4 Neither party raised the issue of whether those defendants who were non-signatories to the Agreement could compel plaintiff to arbitrate his claims against them. Although non-signatories can compel a signatory to arbitrate on the basis of an agency relationship, Hirsch v. Amper Fin. Servs., LLC, 215 N.J. 174, 192-93 (2013), our Supreme Court has rejected "intertwinement as a theory for compelling arbitration when its application is untethered to any written arbitration clause between the parties, evidence of detrimental reliance, or at a minimum an oral agreement to submit to arbitration."

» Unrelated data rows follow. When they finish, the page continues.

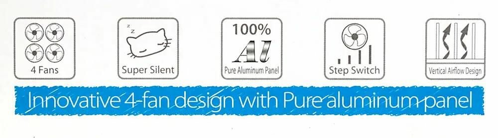 Целых 4 вентилятора Металлическая панель Почти не шумит Переключатель режимов работы (выкл - дальняя пара кулеров - ближняя пара - все четыре кулера) |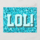 Postcard with a modern design featuring stars scattered over a stylised "sequin look" pattern background and 'LOL!' in shades of blue. Can be used as a background for your own text, images and ideas. Please note this is a printed digital art image, it does not shine or contain real glitter or sequins.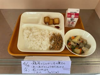 4月1日(木)、今日の給食は「鶏肉とじゃがいもの煮もの・あつあげのしょうゆだれかけ・紅ざけそぼろ・ごはん・牛乳」です。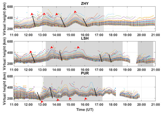 The virtual heights at various frequencies (from 2 to 14 MHz with a step of 0.05 MHz) at ZHY, PUR, and PUR stations during 9 September 2017(11:00–21:00 UT). The black lines indicate the downward movement of the phase velocity of traveling ionospheric disturbances (TIDs) in the ionosphere, and gray bars represent the duration of spread F. The red arrows are used to mark the period of TIDs.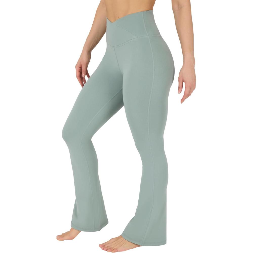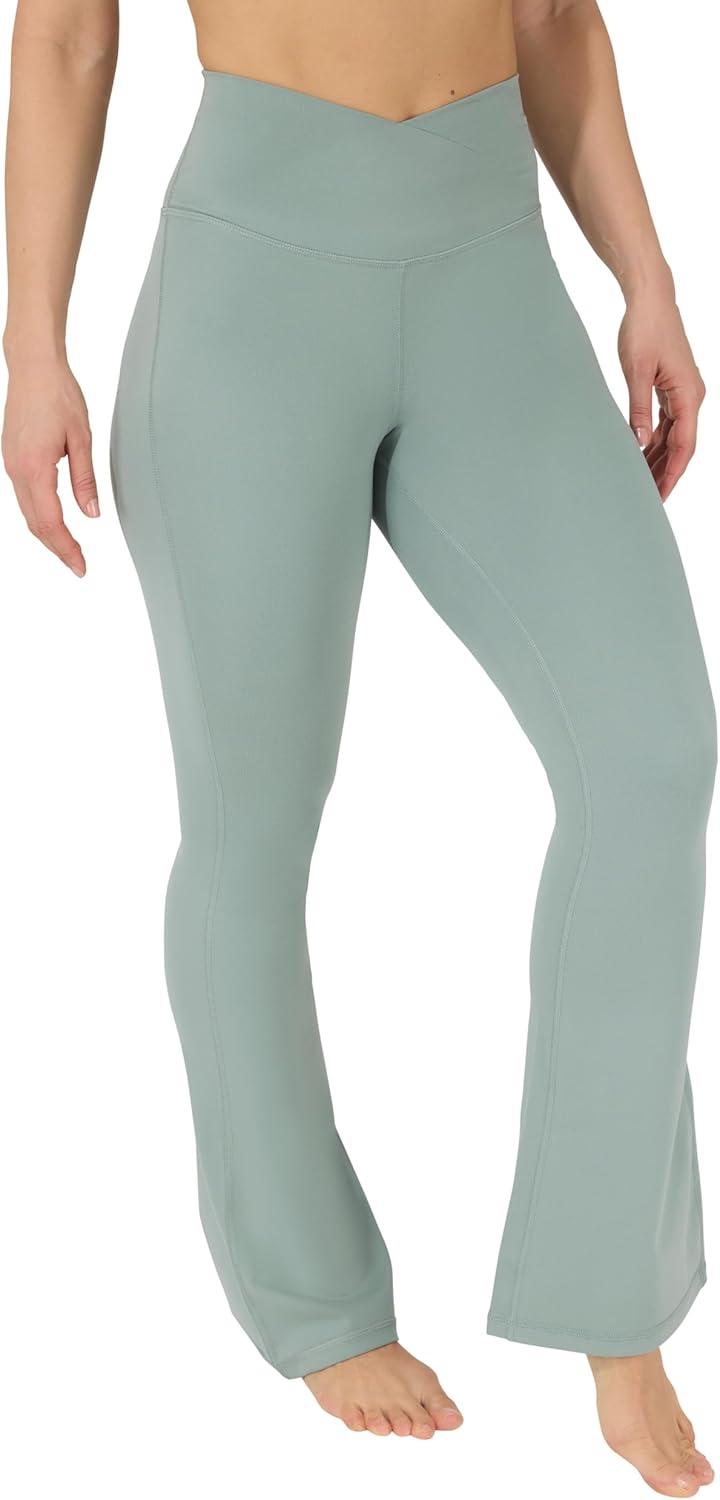 Yogalicious Womens Crossover High Waisted Flare Legging Squat Proof Yoga Pant | 29" & 31.5" Inseam(Clover 31.5")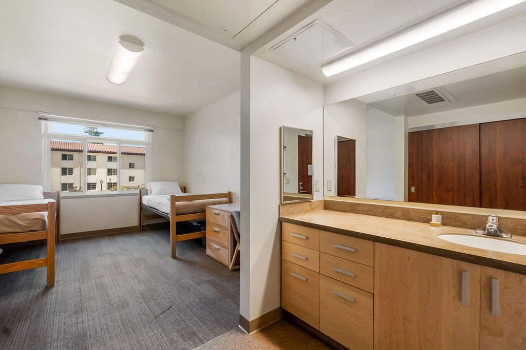 All of our traditional residence halls offer both double and single occupancy bedrooms with communal bathrooms located in each hallway or wing. Additional community spaces included are lounges, laundry facilities and common kitchens. All of our buildings are secured with electronic access control.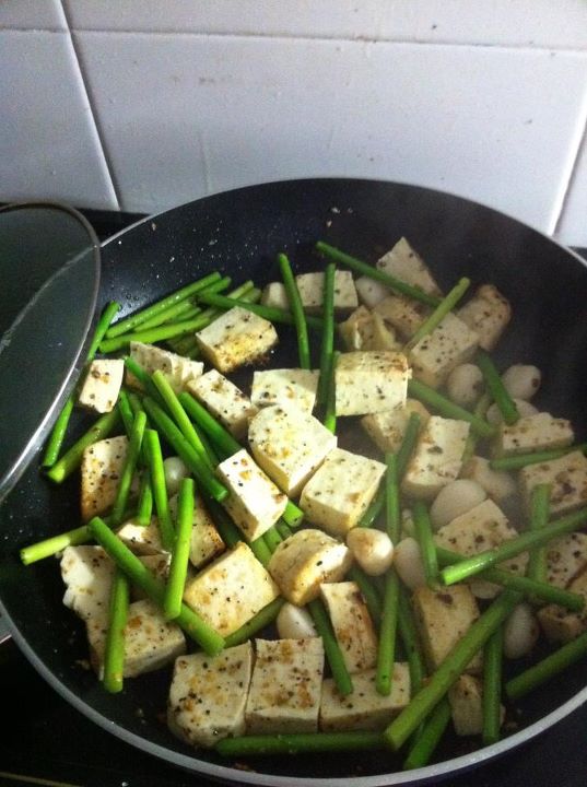 Dinner: Stir-fried tofu with garlic stems and garlic gloves… so yummy! Coke Zero

5 The order granting plaintiff leave to amend the complaint also dismissed the initial complaint's fifth count alleging breach of contract.

6 Defendants note plaintiff did not appeal from the dismissal of his breach of contract claim. Plaintiff appeared to have agreed at oral argument the law required arbitration of his breach of contract claim. Although plaintiff did not argue this issue on appeal, his notice of appeal was from the September 2015 order in its entirety. The order dismissed each count of the amended complaint, including the breach of contract count. Moreover, "[j]ust as we view piecemeal litigation as an anathema, we also look with disfavor upon the unnecessary bifurcation of disputes between judicial resolution and arbitration." Zirger v. Gen. Accident Ins. Co., 144 N.J. 327, 343 (1996) (quoting Ohio Casualty Ins. Co. v. Benson, 87 N.J. 191, 199 (1981)). Having said that, the parties may have commenced arbitration of plaintiff's breach of contract claim. If so, and if either party seeks to withdraw from arbitration based on this opinion, the court on remand can determine if arbitration has proceeded to the point that prejudice to one party should estop the other party from withdrawing from arbitration. Estoppel shall not apply if the parties have not commenced arbitration.